Irene is working her magic by celebrating kindness for 12 days. Today she has a quotation from Kahlil Gibran, and also a poem, in two languages from Julie Paschkis.
Katie has compiled a list of 2015 poetry books for kids at The Logonauts. I'm a second round judge for the Cybils Award for Poetry, so I'm sure to be seeing many of this titles up close!
Okay, here are two lines that I love: "Blossoms of babies/Blinking their stories." What pictures they bring to mind! They're from the poem, "Handfuls," featured today by Little Willow at Bildungsroman.
If you've read the swap poem at Tabatha's blog, you'll enjoy comparing it to another poem inspired by Monet's poem. Liz Steinglass has it here, as well as an explanation of how Tabatha's gift poem evolved.
The Miss Rumphius Effect has a Lawrence Ferlinghetti poem, "I Am Waiting" originally published in 1958, but so well representative of the thoughts of many today!
Janet Squires looks at one of the dozens of books of poetry and art by Douglas Florian, Poetrees. His work is always unexpected.
Poetry For Children is full of poems and recommendations from Sylvia (and Janet). Today the featured poem is "Christmas Tree" by Joseph Bruchac.
Julie Larios shares a little poem by John Clare that is alive with winter birds. I delight in the joyful noises birds make despite winter weather.
Keri's recommending one of her work-related videos this week. It's a food-related parody of "The Night Before Christmas." Look for the elf who most looks like a script writer--that's Keri!
Karen Edmisten has a houseful of writers! She celebrates them by posting Richard Wilbur's much-loved poem, "The Writer."
Well, it's now after 1:00 PM and I've been at this since 7:00 AM, so...It's time for lunch, and a quick run to Christmas Tree shop for some gift bags I forgot to buy earlier. I hope there are some left that don't depict Spongebob or that are full of barely-glued-on glitter. I'll be back later to catch the stragglers. Please, if you noticed a link that doesn't work, or some boy-are-you-dumb errors, let me know!

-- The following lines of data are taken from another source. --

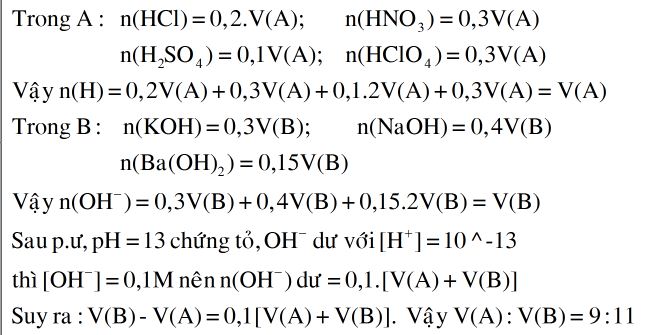 Dung dịch X gồm HCl 0,2M; HNO3 0,3M; H2SO4 0,1M; HClO4 0,3M, dung dịch Y gồm KOH 0,3M; NaOH 0,4M; Ba(OH)2 0,15M. Cần trộn X và Y theo tỉ lệ thể tích là bao nhiêu để được dung dịch có pH = 13 ?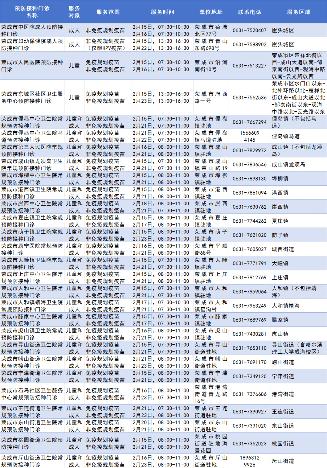 鲁网2月10日讯 为切实保障春节期间市民预防接种需求,现将2026年春节假期(2月15日-23日)荣成市预防接种门诊开诊时间公示如下。请有接种需求的市民携带预防接种证或有效身份证件前往就近的预防接种门诊进行接种。(鲁网记者)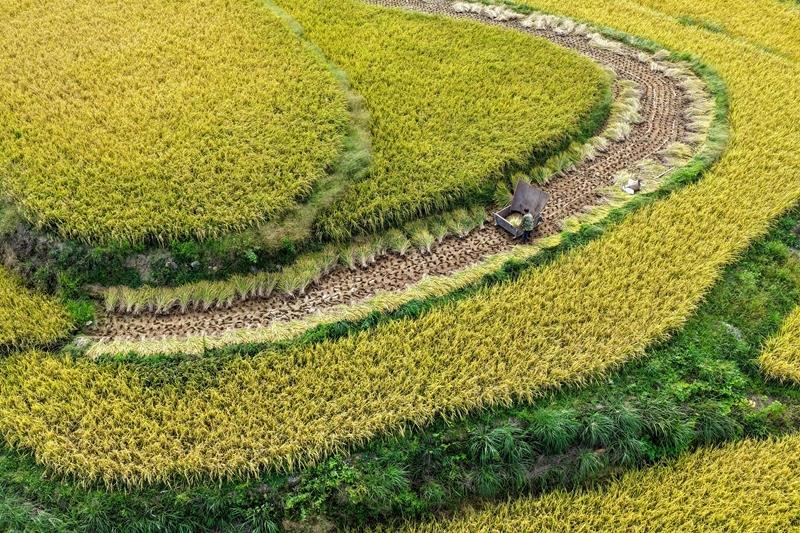 金秋时节,神州大地稻黍金黄、瓜果飘香,呈现出一幅绚丽多彩的丰收盛景。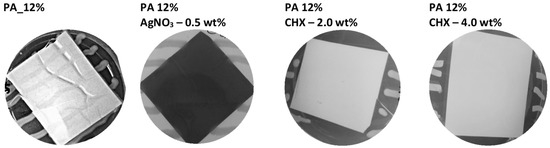 Examples of antibacterial activity test results for PAs n. 8 (PA_12%), n. 11 (PA 12% 0.5 wt% of AgNO3), n. 12 (PA 12% 2.0 wt% CHX), n. 13 (PA 12% 4.0 wt% CHX), and S. aureus CCM 4516. Around the CHX PAs, the inhibition zones are evident, whereas the other PAs show no inhibition zone. Only for the neat PA can bacterial growth on the material´s surface be observed.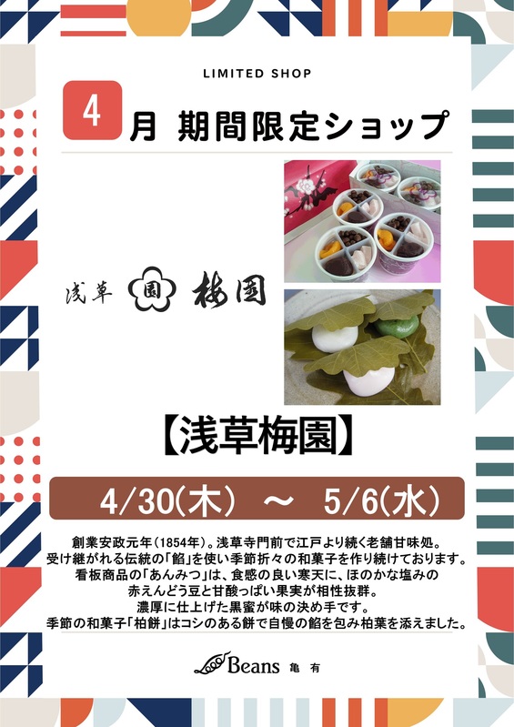 トピックス 【浅草梅園】期間限定出店のお知らせ いつもビーンズ亀有をご利用頂きましてありがとうございます。4/30(木)から5/6(水)の期間、ビーンズ亀有中央イベント広場に「あんみつ」が看板商品の浅草梅園が期間限定出店いたします。お客さまのご来店をお待ちしております。 tweetする Facebookでシェアする LINEで送る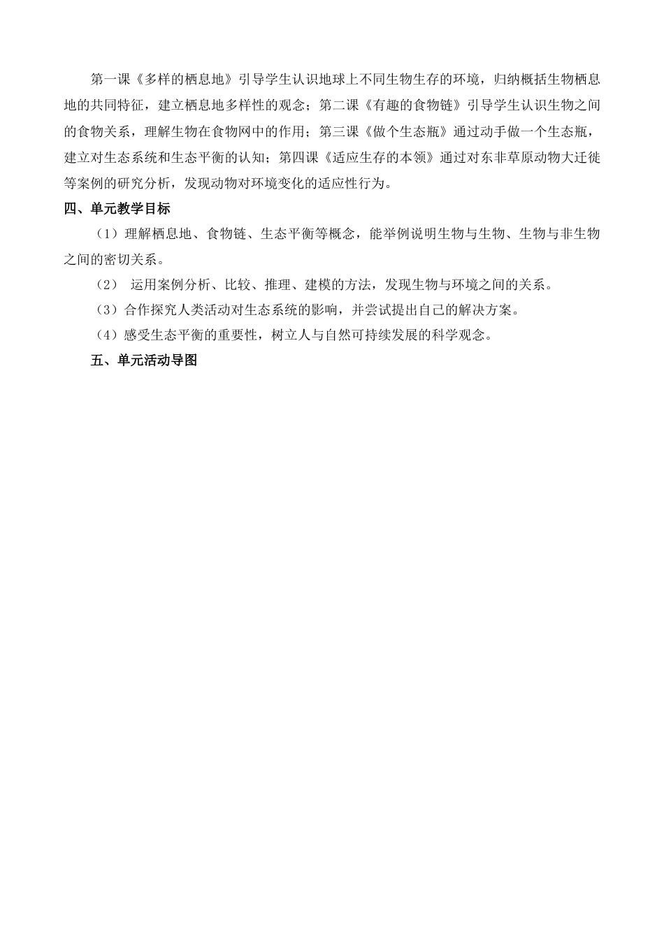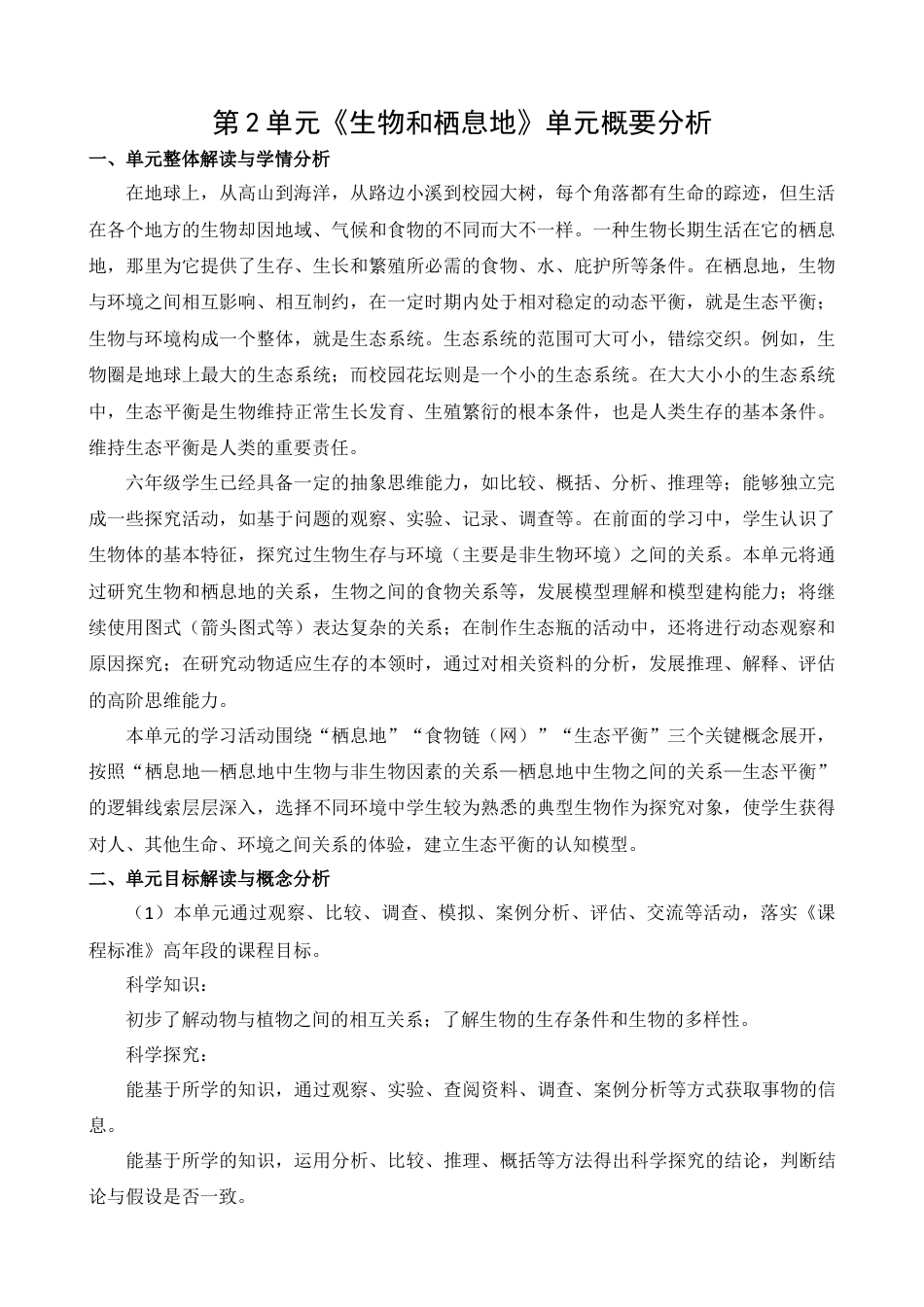 第2单元《生物和栖息地》单元概要分析一、单元整体解读与学情分析在地球上,从高山到海洋,从路边小溪到校园大树,每个角落都有生命的踪迹,但生活在各个地方的生物却因地域、气候和食物的不同而大不一样。一种生物长期生活在它的栖息地,那里为它提供了生存、生长和繁殖所必需的食物、水、庇护所等条件。在栖息地,生物与环境之间相互影响、相互制约,在一定时期内处于相对稳定的动态平衡,就是生态平衡;生物与环境构成一个整体,就是生态系统。生态系统的范围可大可小,错综交织。例如,生物圈是地球上最大的生态系统;而校园花坛则是一个小的生态系统。在大大小小的生态系统中,生态平衡是生物维持正常生长发育、生殖繁衍的根本条件,也是人类生存的基本条件。维持生态平衡是人类的重要责任。六年级学生已经具备一定的抽象思维能力,如比较、概括、分析、推理等;能够独立完成一些探究活动,如基于问题的观察、实验、记录、调查等。在前面的学习中,学生认识了生物体的基本特征,探究过生物生存与环境(主要是非生物环境)之间的关系。本单元将通过研究生物和栖息地的关系,生物之间的食物关系等,发展模型理解和模型建构能力;将继续使用图式(箭头图式等)表达复杂的关系;在制作生态瓶的活动中,还将进行动态观察和原因探究;在研究动物适应生存的本领时,通过对相关资料的分析,发展推理、解释、评估的高阶思维能力。本单元的学习活动围绕“栖息地”“食物链(网)”“生态平衡”三个关键概念展开,按照“栖息地—栖息地中生物与非生物因素的关系—栖息地中生物之间的关系—生态平衡”的逻辑线索层层深入,选择不同环境中学生较为熟悉的典型生物作为探究对象,使学生获得对人、其他生命、环境之间关系的体验,建立生态平衡的认知模型。二、单元目标解读与概念分析(1)本单元通过观察、比较、调查、模拟、案例分析、评估、交流等活动,落实《课程标准》高年段的课程目标。科学知识:初步了解动物与植物之间的相互关系;了解生物的生存条件和生物的多样性。科学探究:能基于所学的知识,通过观察、实验、查阅资料、调查、案例分析等方式获取事物的信息。能基于所学的知识,运用分析、比较、推理、概括等方法得出科学探究的结论,判断结论与假设是否一致。科学态度:表现出对事物的结构、功能、变化及相互关系进行科学探究的兴趣。在进行多人合作时,愿意沟通交流,综合考虑小组各成员的意见,形成集体的观点。科学、技术、社会与环境:认识到人类、动植物、环境的相互影响和相互依存关系,了解地球上的资源是有限的,人类活动会对环境产生正面和负面的影响,自觉采取行动,保护环境。(2)本单元学习内容基于《课程标准》课程内容中“生命科学领域”的高年段要求。8.1植物具有获取和制造养分的结构。知道植物可以吸收阳光、空气和水分,并在绿色叶片中制造其生存所需的养分。9.3动物的行为能够适应环境的变化。举例说出动物在气候、食物、空气和水源等环境变化时的行为。12.1动物和植物都有基本生存需要,如空气和水;动物还需要食物,植物还需要光。栖息地能满足生物的基本需要。举例说出常见的栖息地为生物提供光、空气、水、适宜的温度和食物等基本需要。12.2动物的生存依赖于植物,一些动物吃其他动物。说出不同动物以植物或其他动物为食,动物维持生命需要消耗这些食物而获得能量。说出常见植物和动物之间吃与被吃的链状关系。12.4自然或人为干扰能引起生物栖息地的改变,这种改变对于生活在该地的植物和动物种类、数量可能产生影响。认识到保护身边多种多样的生物非常重要。三、单元构成与逻辑分析本单元由《多样的栖息地》《有趣的食物链》《做个生态瓶》《适应生存的本领》四课组成。四课内容设计的逻辑关系是:由整体到部分,由外部组成到内部关系。即从整体认识栖息地开始,深入栖息地内部认识生物与生物、生物与非生物之间的关系,接着认识生物与环境之间建立的相对稳定的关系,最后认识环境变化后动物的适应性行为。从科学思维的角度看,引导学生分析各种不同的栖息地,归纳概括栖息地的一般特征;分析某几种生物之间的食物关系,再逐渐扩展,综合更多生物之间...

I noticed Heidi from My Juicy Little Universe hasn't made an appearance, so I'm taking the liberty of adding her link. She has the words to "Deck the Halls" and a video of a madrigal version.
Here's a version that I like for its majestic cold-weather vibe:
Last, but not least, Amy at The Poem Farm treats us to a crunchy cookie treat! Angels are finding their way on many a blog this week! Some just happen to be edible.